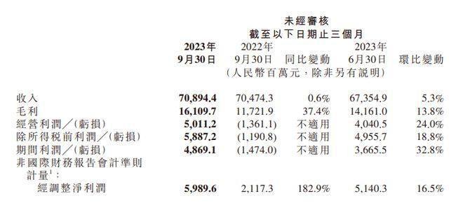 小米集团11月20日发布截至9月底的第三季度业绩公告。数据显示,今年第三季度,小米实现营收708.94亿元,较去年同期微增0.6%;经调整净利润约为人民币60亿元,同比大增超180%。据悉,这是小米六个季度来单季收入首次实现同比增长。与此同时,小米前三季度经调整净利润为去年全年的1.7倍,业绩表现大超市场预期。
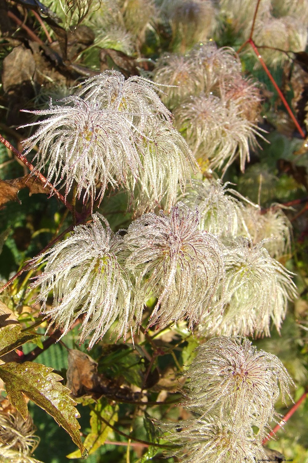 Once Big Bill’s flowers have finished the display is not over: an abundance of silver seed-heads takes their place. These hoary heads look fabulous on frosty mornings with the sun glinting off them. Bill Mackenzie needs plenty of space and looks excellent when left to scramble through a hedge or into a tree. Alternatively, it can be handy for hiding that unsightly oil tank or old garden shed!
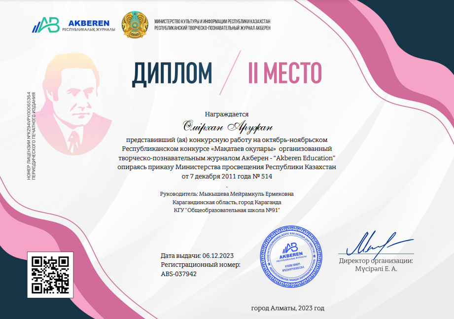 Творческо-познавательный журнал Акберен - “Akberen Education” организовал Республиканский конкурс "Мақатаев оқулары". В данном конкурсе ученица 8А класса Өмірхан Аружан заняла…
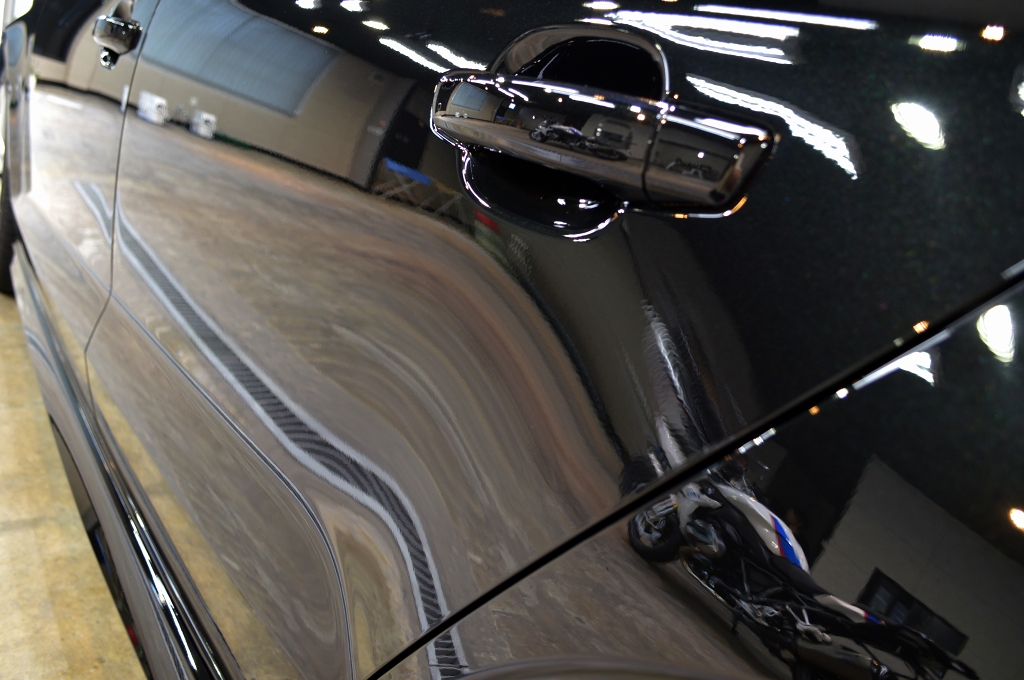 リボルトブランドの自社開発製品のひとつであるTOPコートは、高品位なツヤを与え、防汚効果の高いコーティングとなっております。無溶剤ですので劣化しにくい性質を備えております。紫外線軽減にて、ご愛車を色褪せから守り、それを全体に包み込むように隈なく施工致しました。
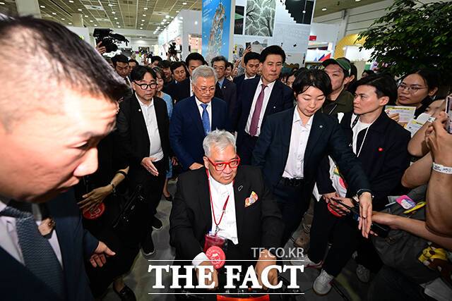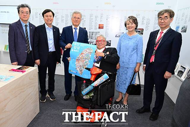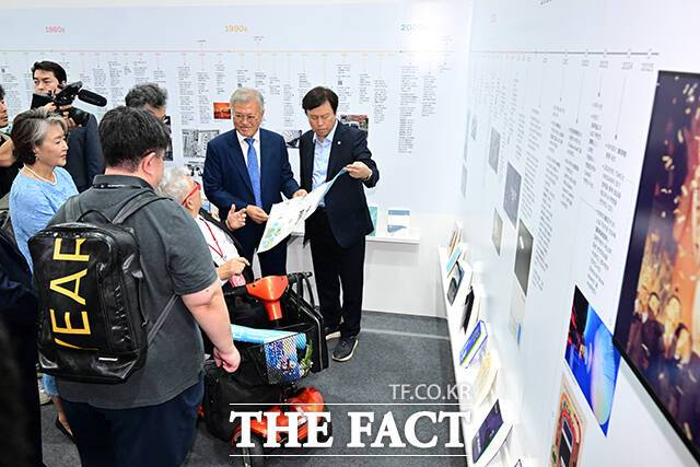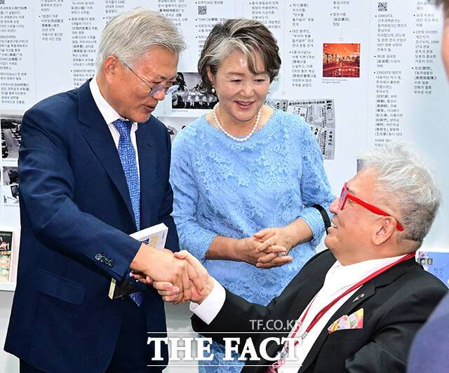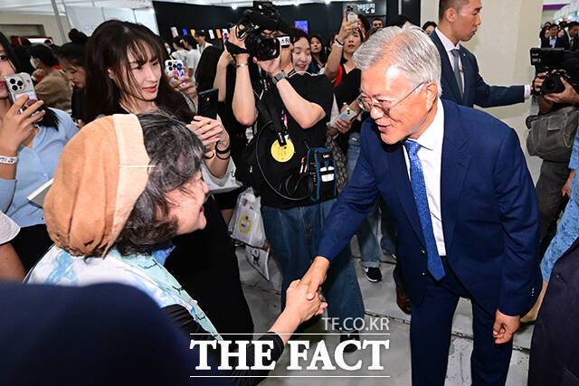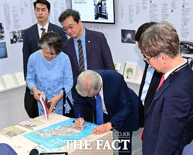 [더팩트ㅣ남윤호 기자] 문재인 전 대통령과 김정숙 여사가 18일 오후 서울 강남구 코엑스에서 열린 2025 서울국제도서전을 방문해 대만의 '찬란한 불편'의 저자 하오밍이에게 책을 선물받고 있다.
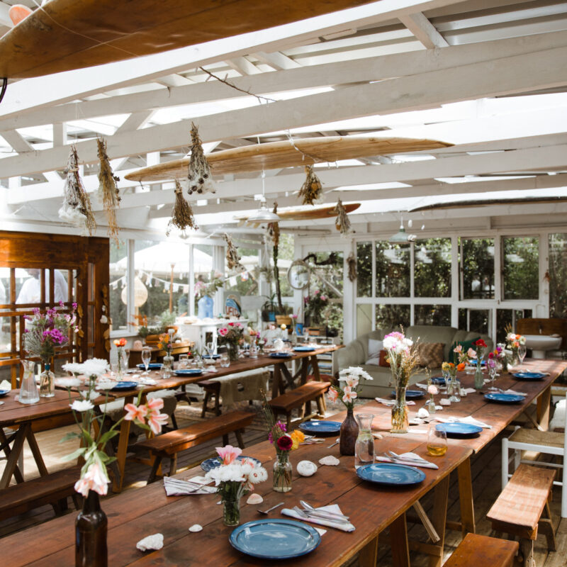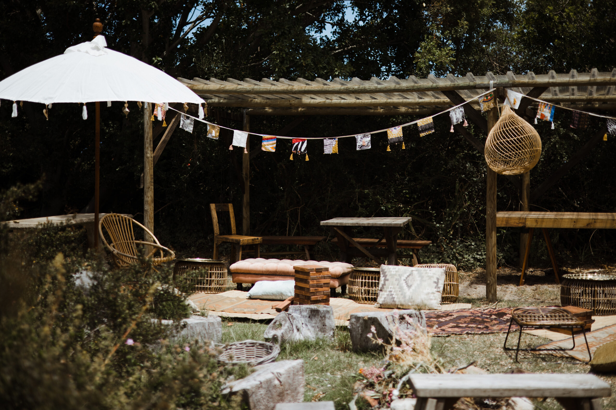 The venue is situated on a working nursery and homestead with abundant food gardens, chickens, pigs, goats and access to a private mountain lush with fynbos, birds and incredible views of Scarborough and Cape Point.
= = =
Exercise instructions
Would you set down, word for word, the lines running from the one that contains "リボルトブランドの自社開発製" to the last line of the material, omitting all pictures?

Response
 リボルトブランドの自社開発製品のひとつであるTOPコートは、高品位なツヤを与え、防汚効果の高いコーティングとなっております。無溶剤ですので劣化しにくい性質を備えております。紫外線軽減にて、ご愛車を色褪せから守り、それを全体に包み込むように隈なく施工致しました。
 [더팩트ㅣ남윤호 기자] 문재인 전 대통령과 김정숙 여사가 18일 오후 서울 강남구 코엑스에서 열린 2025 서울국제도서전을 방문해 대만의 '찬란한 불편'의 저자 하오밍이에게 책을 선물받고 있다.
 The venue is situated on a working nursery and homestead with abundant food gardens, chickens, pigs, goats and access to a private mountain lush with fynbos, birds and incredible views of Scarborough and Cape Point.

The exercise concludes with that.